许多人成长到人生中的某个阶段——少年,或青年——总归是个越来越多需要和世界独自相处的阶段,突然发现自己没办法处理好这一切了,发现自己会不停地被世界伤害,也被自己伤害;发现性格中似乎有某些近乎缺陷的弱点在不停地折磨着自己,却对它无可奈何。于是就开始找原因。追本溯源一通,恍然发现,这些弱点,原来早在很早之前,在童年,甚至在出生的时候,就已经埋下了种子。

原生家庭是每个人出生后最早接触的环境。也是一个人性格最初形成时所处的最主要环境。因此或多或少地,人总会浸染着原生家庭的气质,甚至对有些人来说,他们就是原生家庭的缩影。

所以,当我发现原生家庭是这样一种奇妙的存在之后,不由得陷入深深地思索:如果伤害类型不对,我是不是一出生就注定当不了作家了?!
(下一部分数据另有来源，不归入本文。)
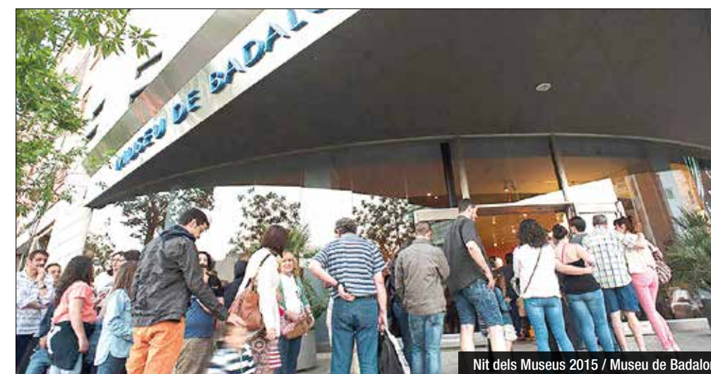
Nit dels Museus 2015 / Museu de Badalona

El Museu obrirà dissabte fins a la 1 de la matinada

受过原生家庭伤害的作家很多,其中比较典型的一个,三岛由纪夫。

三岛由纪夫

三岛出生于1925114日,东京都四谷区永住町一间阴暗的小屋里。那时候他还是个孩子,只有不到两公斤半重;那时他还不叫三岛,他叫“平冈公威”,这个名字是他父亲从枢密院顾问、造船界巨头古市公威男爵那借来的,放在现在,大概就和给自己孩子取名“张思聪”、“李思聪”是一个感觉吧。
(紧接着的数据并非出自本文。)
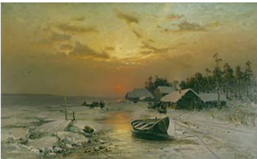
Yuliy Klever (Julius von Klever). Crepúsculo invernal. 1885. Óleo sobre lienzo.
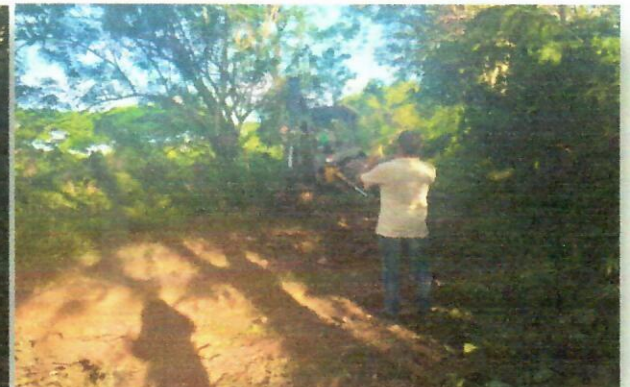
Imagen 8. punto Intervenido Remoción de vegetación Coord. Geo. 10°33'1.08"N - 72°59'22.26"O
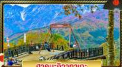
อาคิบุะ:ชิงากาตะ
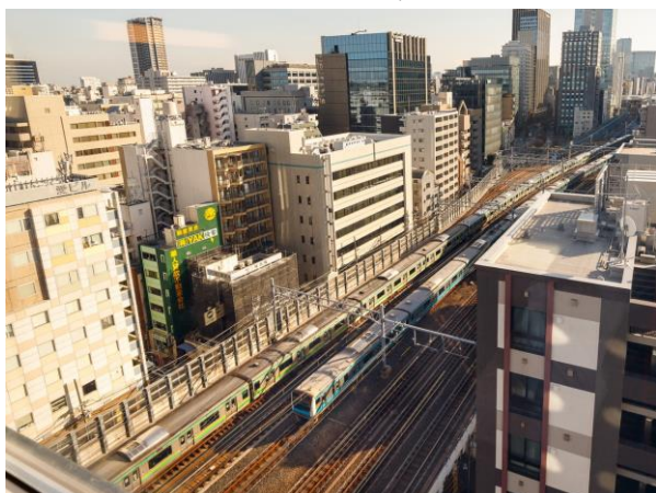
■トレインビュールームからの眺望

公威家原本是个正宗的官僚家庭。祖母夏子有着日本贵族血统,祖父平冈定太郎虽然出身农家,本人却曾任过桦太厅长官。这个官有多大呢?换成现在的说法,大概就相当于北海道的行政首长。然而不幸的是,这个家族过快地衰落了。先是负了一大笔债,财产被没收,房子被卖出去,此后更是每况愈下,到1925年公威出世时,一家人就只能挤在租来的小房子里。而在首都租房子,我们都知道,是很不容易的。
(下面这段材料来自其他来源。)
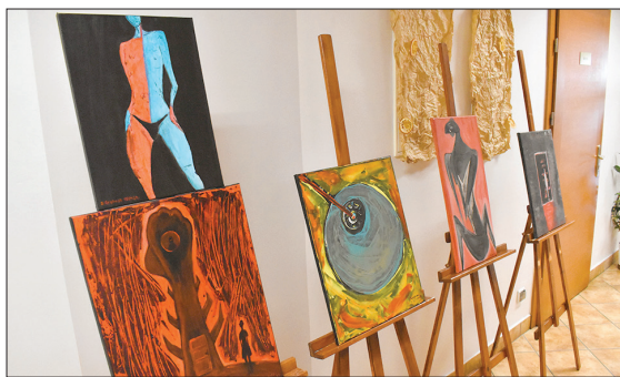
Artysta stosuje różne style malarskie

Gorąco zachęcamy, bo obrazy Szymona Grębosza, namalowane różnymi stylami, są niezwykle ciekawe, odzwierciedlają jego wizje, obserwacje i marzenia. (a)
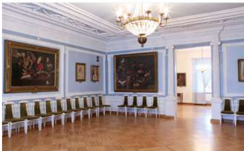
Kretingos dvaro rūmų Baltoji salė
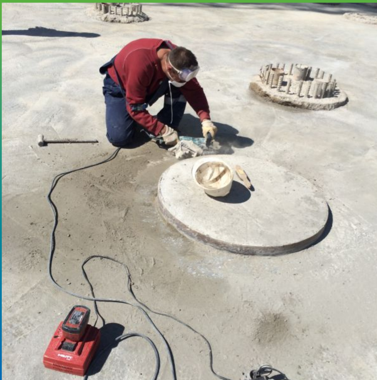
Подготовка поверхности перед нанесением гидроизоляции
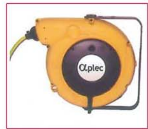
▲ Enrollador eléctrico - opción Electric cable reel - option

俗话说,由奢入俭难。相较于一直在低处,从高处跌至低处往往更让人无法接受。贫困对于公威家的影响是巨大的,而这种影响,在公威祖母夏子身上体现的尤为明显。面对家境的没落,贵族出身的她几乎生出种病态的虚荣,也滋生了绝对的权威欲和控制欲。在这种病态下,公威的童年过得十分凄惨。他出生仅四十九天,就被夏子从母亲怀中夺走。夏子把公威的小床安置在她病床旁,需要喂奶时,她按动电铃,公威的母亲倭文重就二楼下来,抓紧婆婆规定的十分至十五分钟宝贵时间,给公威哺乳。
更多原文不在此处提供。